Of all the lines below, return only those starting with the line holding "I funerali si" and going on through the line holding "Nástěnné panely 12", exactly as written.

_Data for analysis_.
......
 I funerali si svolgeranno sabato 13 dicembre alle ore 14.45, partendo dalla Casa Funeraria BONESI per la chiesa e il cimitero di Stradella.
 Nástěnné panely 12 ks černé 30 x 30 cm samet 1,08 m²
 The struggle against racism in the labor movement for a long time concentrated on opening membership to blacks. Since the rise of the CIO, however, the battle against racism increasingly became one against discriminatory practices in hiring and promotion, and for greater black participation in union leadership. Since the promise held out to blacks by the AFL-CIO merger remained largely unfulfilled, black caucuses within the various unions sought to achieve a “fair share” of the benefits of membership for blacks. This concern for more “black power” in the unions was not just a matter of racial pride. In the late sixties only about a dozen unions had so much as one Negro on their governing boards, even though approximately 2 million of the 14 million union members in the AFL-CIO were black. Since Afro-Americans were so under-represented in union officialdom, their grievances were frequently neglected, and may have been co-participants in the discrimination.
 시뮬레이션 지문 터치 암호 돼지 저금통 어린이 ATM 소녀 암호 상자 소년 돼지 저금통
......
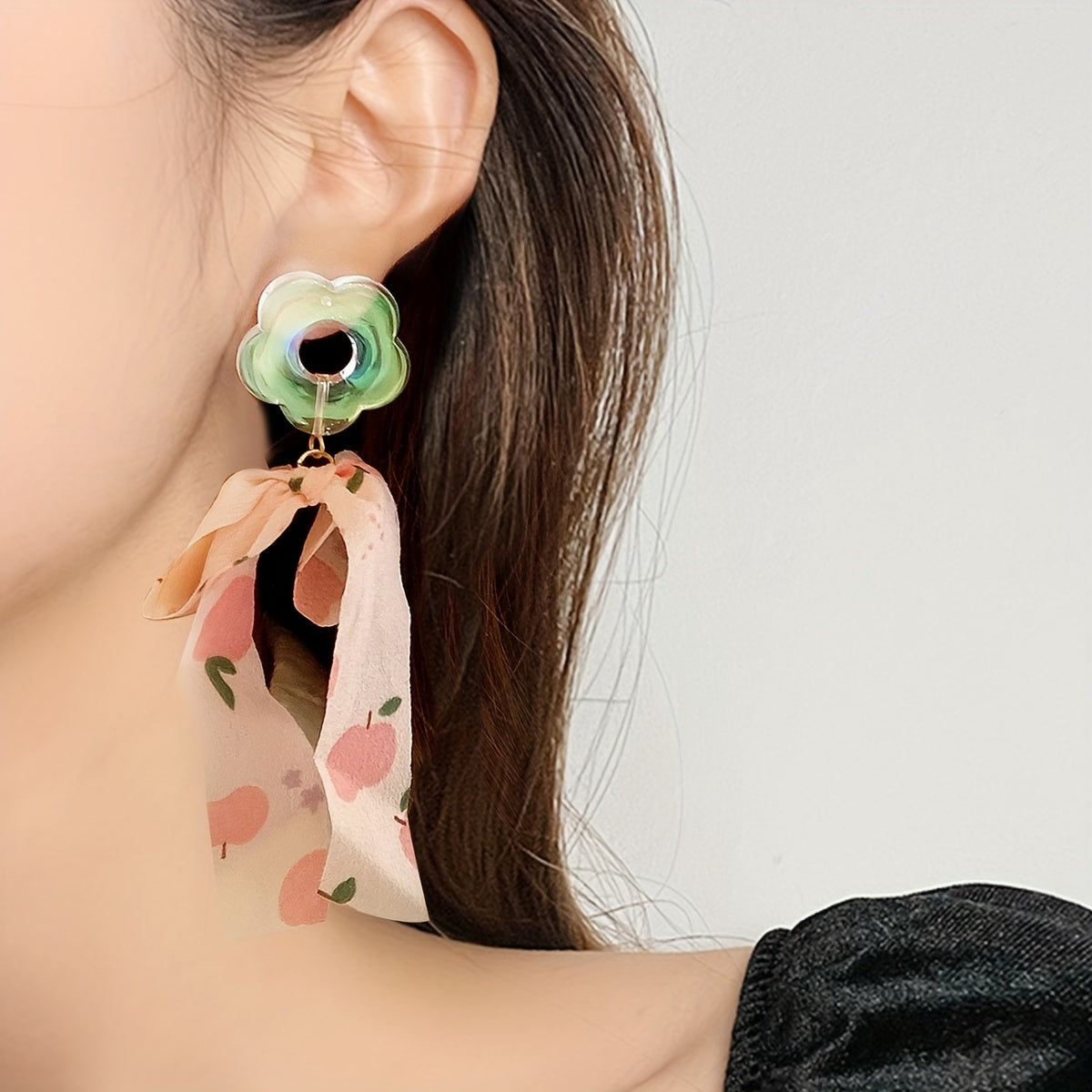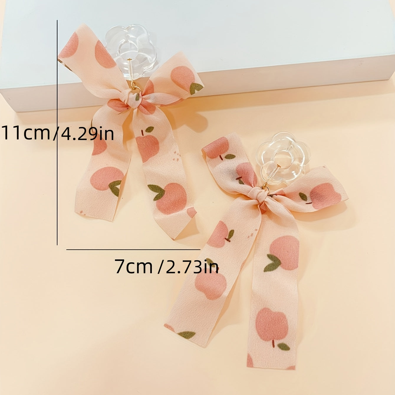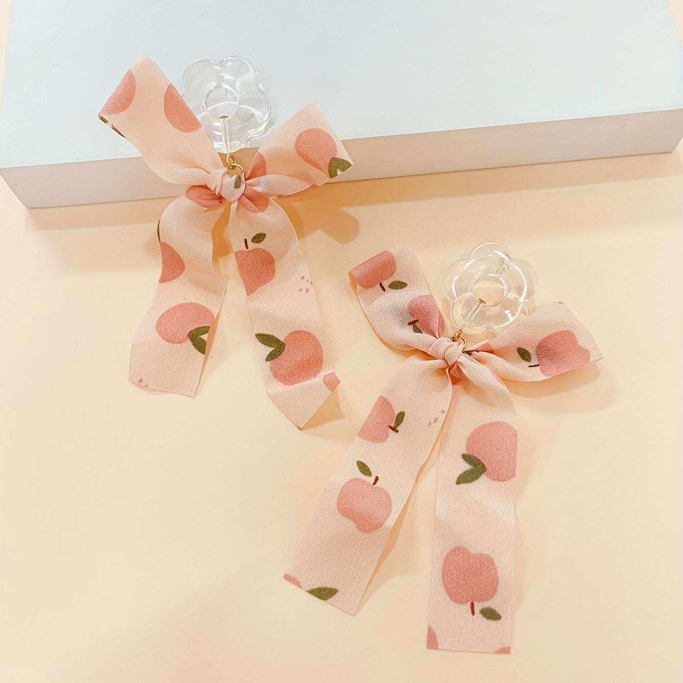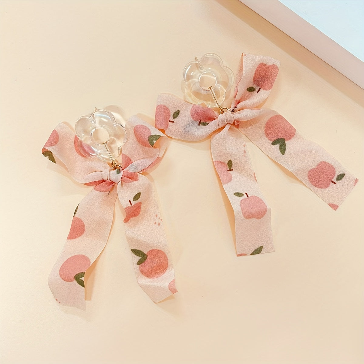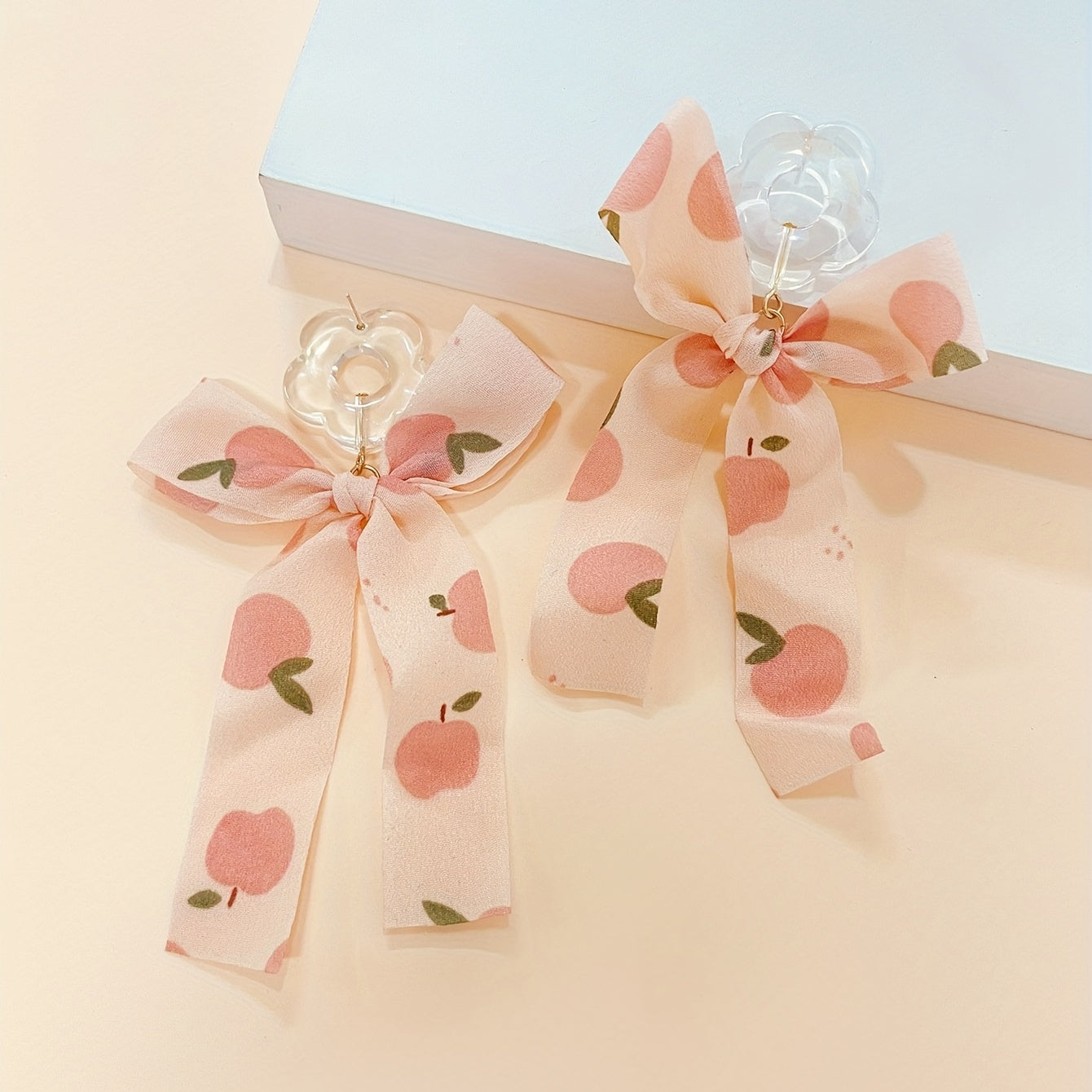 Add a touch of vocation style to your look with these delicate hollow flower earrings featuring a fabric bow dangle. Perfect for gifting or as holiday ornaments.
......
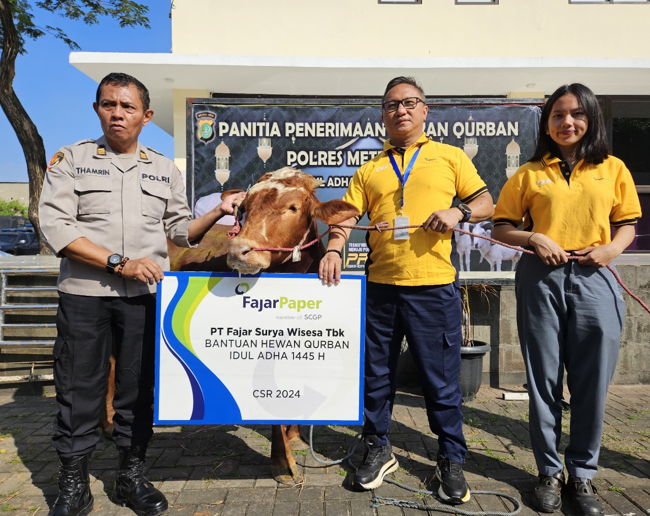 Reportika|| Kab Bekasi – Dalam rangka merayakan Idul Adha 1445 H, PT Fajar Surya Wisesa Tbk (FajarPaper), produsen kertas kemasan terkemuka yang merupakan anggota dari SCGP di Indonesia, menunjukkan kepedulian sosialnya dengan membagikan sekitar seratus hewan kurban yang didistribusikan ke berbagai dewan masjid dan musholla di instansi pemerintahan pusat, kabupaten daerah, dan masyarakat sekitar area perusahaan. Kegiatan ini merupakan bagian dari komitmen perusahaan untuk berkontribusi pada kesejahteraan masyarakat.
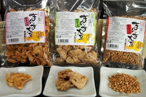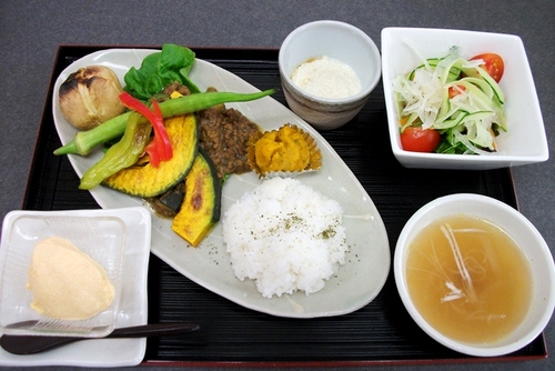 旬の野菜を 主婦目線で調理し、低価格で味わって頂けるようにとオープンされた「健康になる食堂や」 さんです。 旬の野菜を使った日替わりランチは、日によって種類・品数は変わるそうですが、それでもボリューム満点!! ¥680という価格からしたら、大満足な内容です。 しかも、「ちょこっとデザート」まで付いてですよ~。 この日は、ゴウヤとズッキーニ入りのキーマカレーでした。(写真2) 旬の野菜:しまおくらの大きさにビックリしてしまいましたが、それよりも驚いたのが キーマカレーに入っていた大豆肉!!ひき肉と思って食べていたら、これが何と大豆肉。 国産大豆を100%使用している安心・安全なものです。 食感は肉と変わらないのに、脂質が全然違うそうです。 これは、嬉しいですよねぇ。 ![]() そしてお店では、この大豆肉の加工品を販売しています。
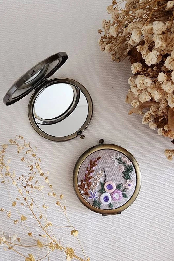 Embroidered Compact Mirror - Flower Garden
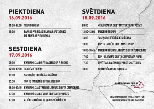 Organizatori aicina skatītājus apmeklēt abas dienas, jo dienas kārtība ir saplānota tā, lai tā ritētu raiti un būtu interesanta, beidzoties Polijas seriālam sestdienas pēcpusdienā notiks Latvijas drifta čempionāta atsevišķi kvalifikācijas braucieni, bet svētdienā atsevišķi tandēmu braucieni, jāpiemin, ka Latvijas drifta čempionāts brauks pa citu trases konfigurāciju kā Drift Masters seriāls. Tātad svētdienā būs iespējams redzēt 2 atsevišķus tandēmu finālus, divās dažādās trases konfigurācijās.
......
_Task solution_.
 I funerali si svolgeranno sabato 13 dicembre alle ore 14.45, partendo dalla Casa Funeraria BONESI per la chiesa e il cimitero di Stradella.
 Nástěnné panely 12 ks černé 30 x 30 cm samet 1,08 m²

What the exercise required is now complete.